▶ [WHAT IS REQUIRED] Please transcribe the listing below in full and word for word, without its pictures.

BEGIN MATERIAL TO PROCESS

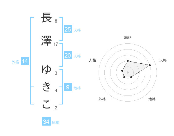 長澤 ゆきこさんを姓名の画数から五運を鑑定
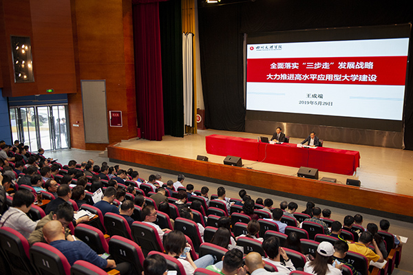 5月29日下午,学校党委书记王成端作“全面落实‘三步走’发展战略,大力推进高水平应用型大学建设”专题学术报告, 全面解读高水平应用型大学内涵和学校“三步走”发展战略。党委副书记、校长刁永锋主持报告会。
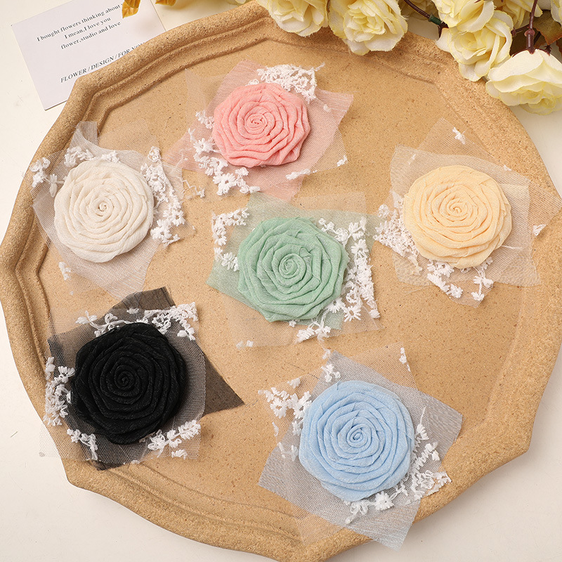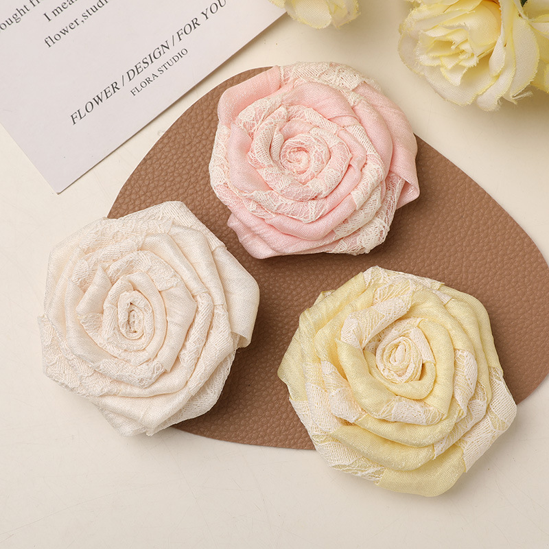 甘いドルガールクリームレースメッシュローズ diy ロールフラワーヘアロープ胸花レースクリップネックレス女性のアクセサリー
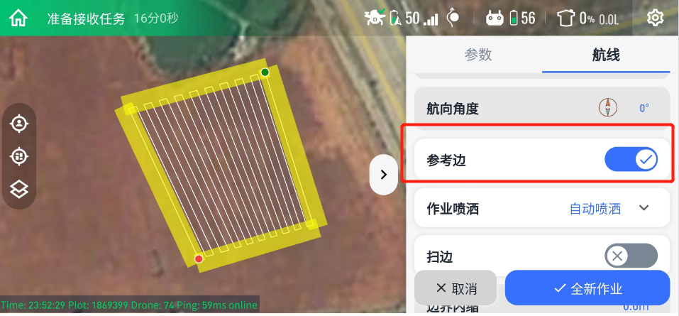 ▶ 新增手绘航线,选择线段设置喷洒/不喷洒
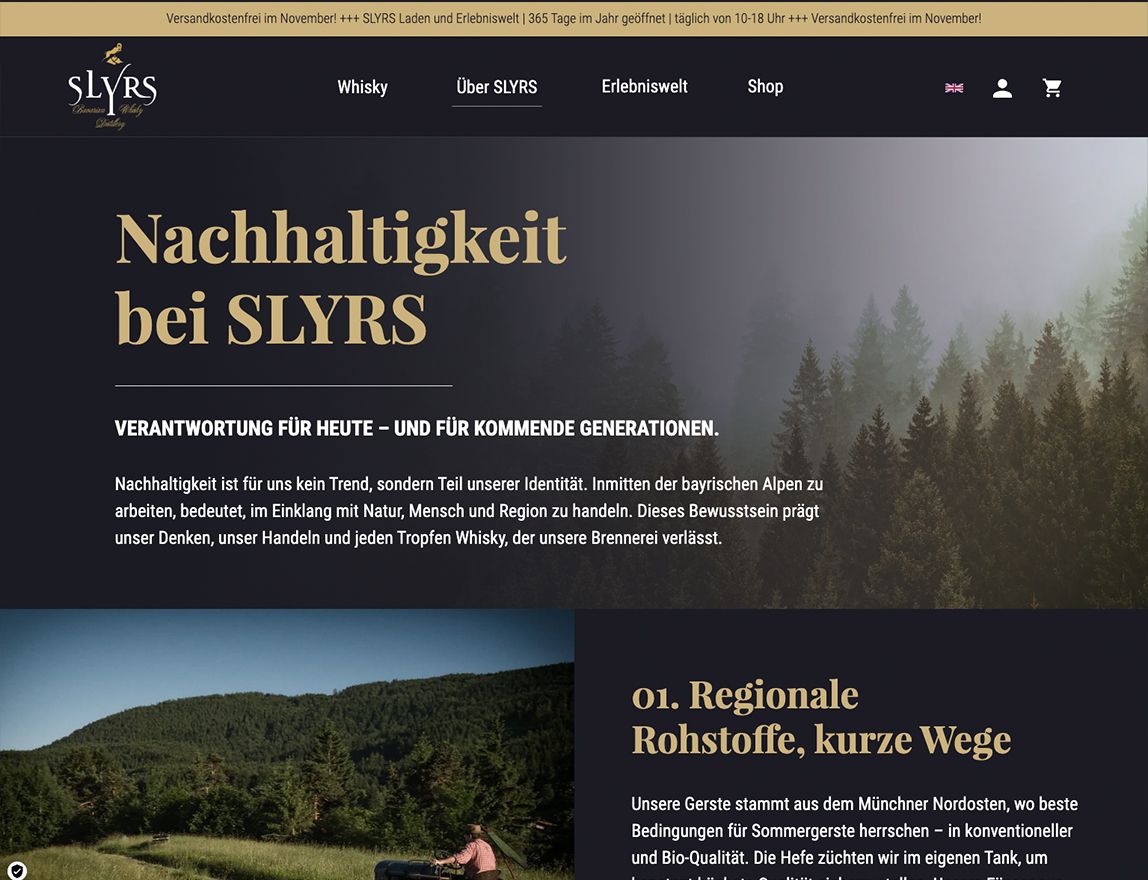 Die Website wird so zu einem Ort, an dem Tradition, Qualität und Genuss nicht nur sichtbar, sondern spürbar werden. Sie stärkt die emotionale Verbindung zwischen Marke und Besucher und macht die besondere Welt von SLYRS digital zugänglich – persönlich, hochwertig und immersiv.
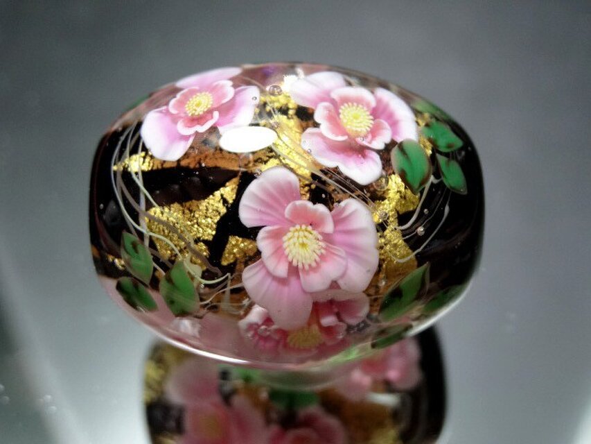 バーナーワークの技法で制作した、手作りのとんぼ玉です。
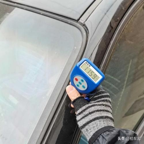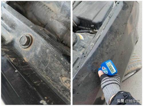 不用说,翼子板也肯定是钣金修复。但也有出过事故漆面数值确实正常的情况,那只能说明是更换过的,而这台车明显价值太低或者前车主觉得没有更换的必要。
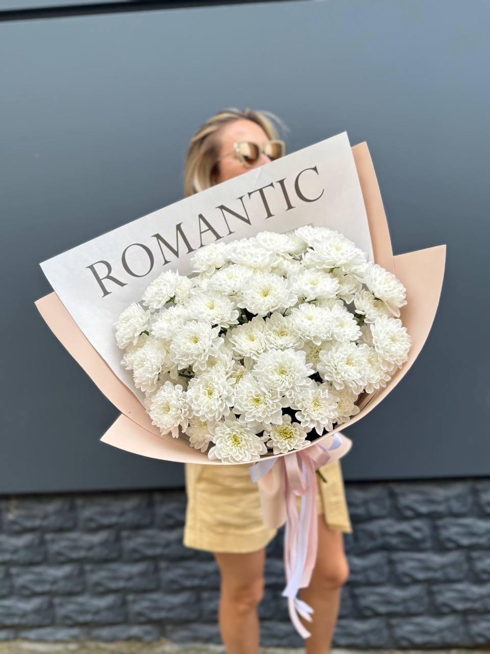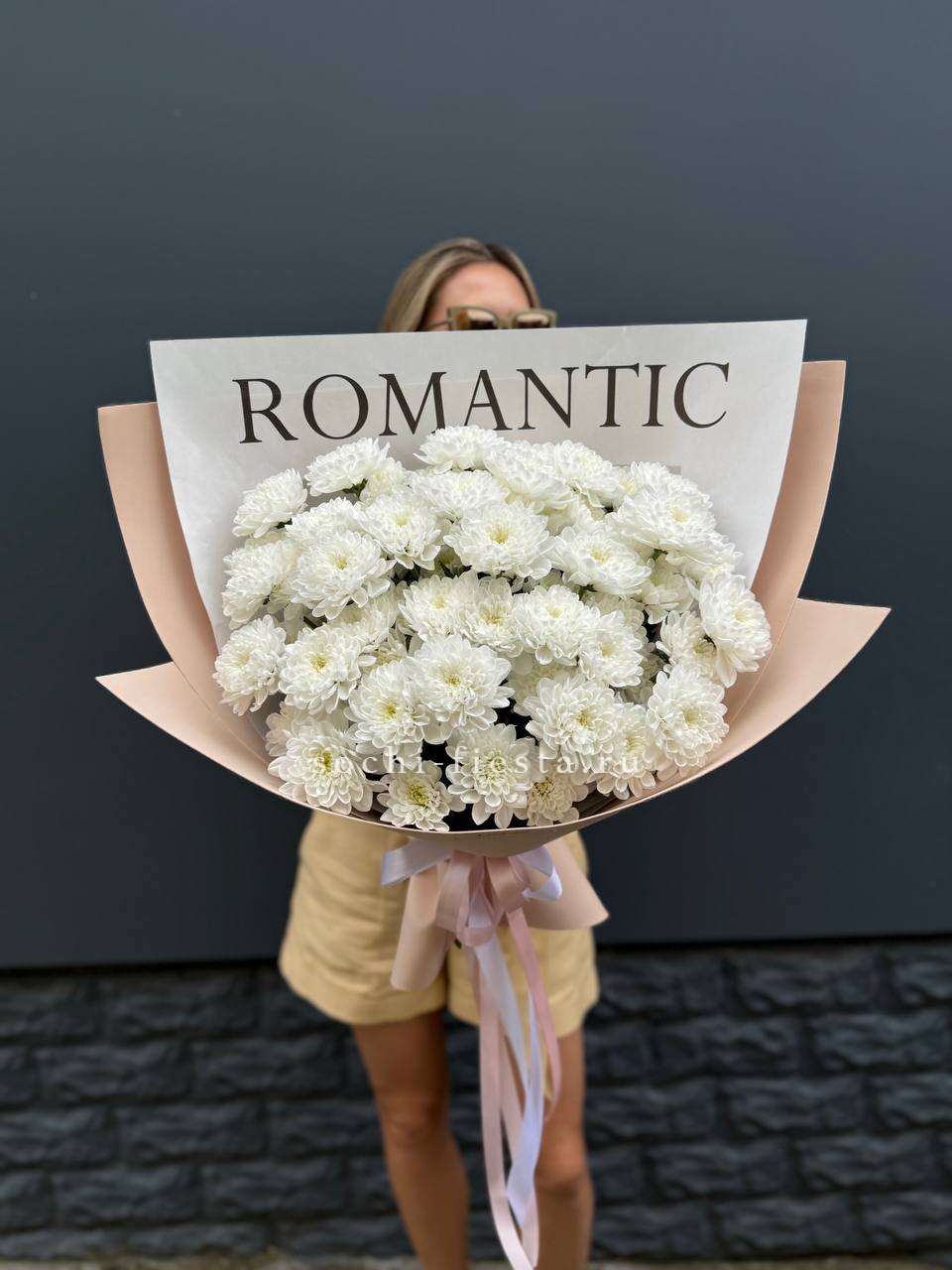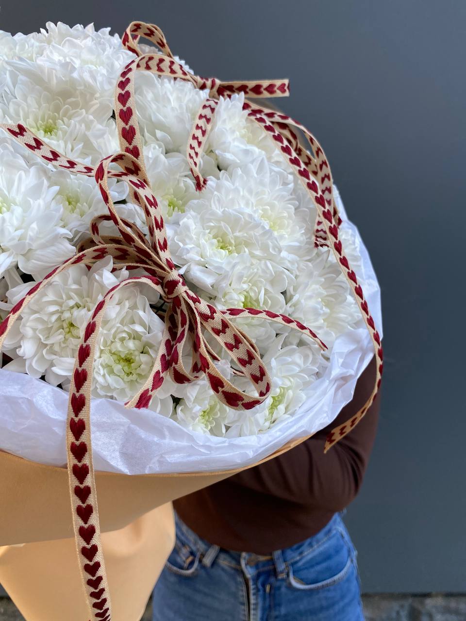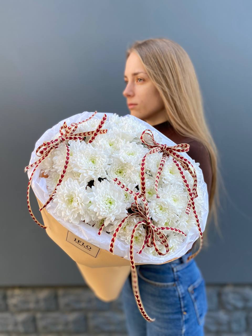 хризантема кустовая - 9 шт., лагурус, фоамиран, пленка,  лента.

END MATERIAL TO PROCESS

▶ [ANSWER TO THE PROBLEM]
 長澤 ゆきこさんを姓名の画数から五運を鑑定
 5月29日下午,学校党委书记王成端作“全面落实‘三步走’发展战略,大力推进高水平应用型大学建设”专题学术报告, 全面解读高水平应用型大学内涵和学校“三步走”发展战略。党委副书记、校长刁永锋主持报告会。
 甘いドルガールクリームレースメッシュローズ diy ロールフラワーヘアロープ胸花レースクリップネックレス女性のアクセサリー
 ▶ 新增手绘航线,选择线段设置喷洒/不喷洒
 Die Website wird so zu einem Ort, an dem Tradition, Qualität und Genuss nicht nur sichtbar, sondern spürbar werden. Sie stärkt die emotionale Verbindung zwischen Marke und Besucher und macht die besondere Welt von SLYRS digital zugänglich – persönlich, hochwertig und immersiv.
 バーナーワークの技法で制作した、手作りのとんぼ玉です。
 不用说,翼子板也肯定是钣金修复。但也有出过事故漆面数值确实正常的情况,那只能说明是更换过的,而这台车明显价值太低或者前车主觉得没有更换的必要。
 хризантема кустовая - 9 шт., лагурус, фоамиран, пленка,  лента.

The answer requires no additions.